Record extracts START

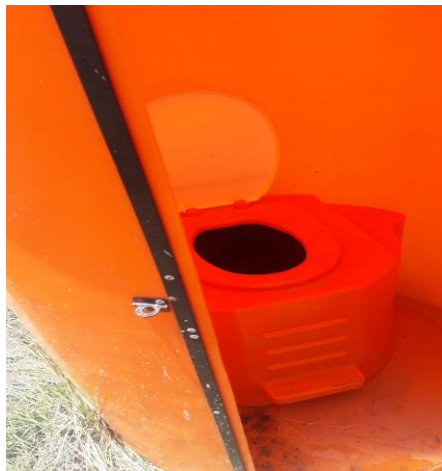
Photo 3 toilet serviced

Record extracts END
Record extracts START

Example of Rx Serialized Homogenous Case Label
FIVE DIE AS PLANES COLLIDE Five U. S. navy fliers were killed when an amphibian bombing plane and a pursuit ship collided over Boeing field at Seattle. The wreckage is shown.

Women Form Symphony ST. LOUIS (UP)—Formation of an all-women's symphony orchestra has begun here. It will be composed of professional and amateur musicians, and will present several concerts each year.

Record extracts END
Record extracts START

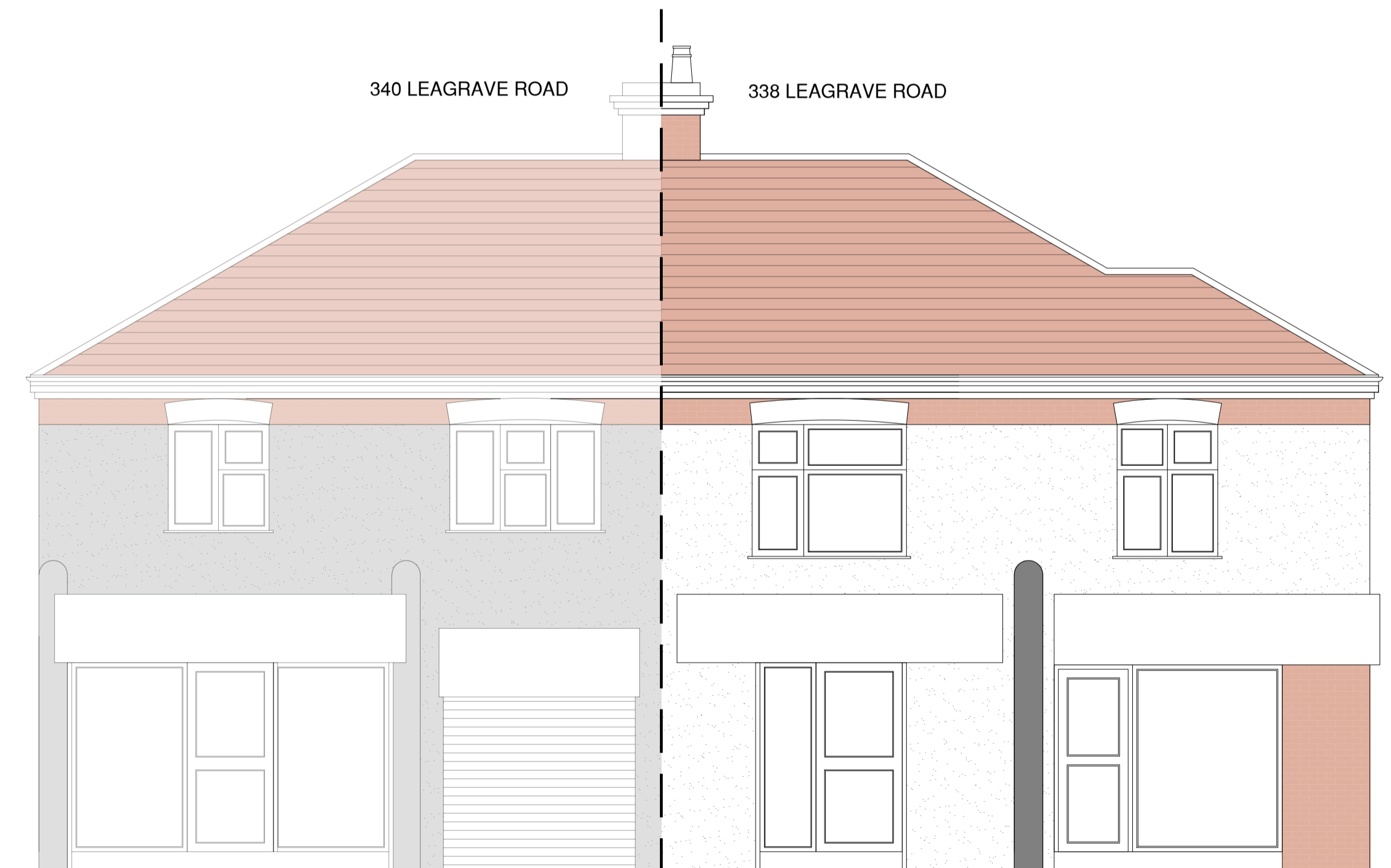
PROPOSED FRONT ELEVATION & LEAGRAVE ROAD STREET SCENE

Record extracts END

### What you have to do
The answer is the run of lines above from the line containing "Example of Rx" through the line containing "Women Form Symphony", copied exactly and alone.

### Task output
Example of Rx Serialized Homogenous Case Label
FIVE DIE AS PLANES COLLIDE Five U. S. navy fliers were killed when an amphibian bombing plane and a pursuit ship collided over Boeing field at Seattle. The wreckage is shown.

Women Form Symphony ST. LOUIS (UP)—Formation of an all-women's symphony orchestra has begun here. It will be composed of professional and amateur musicians, and will present several concerts each year.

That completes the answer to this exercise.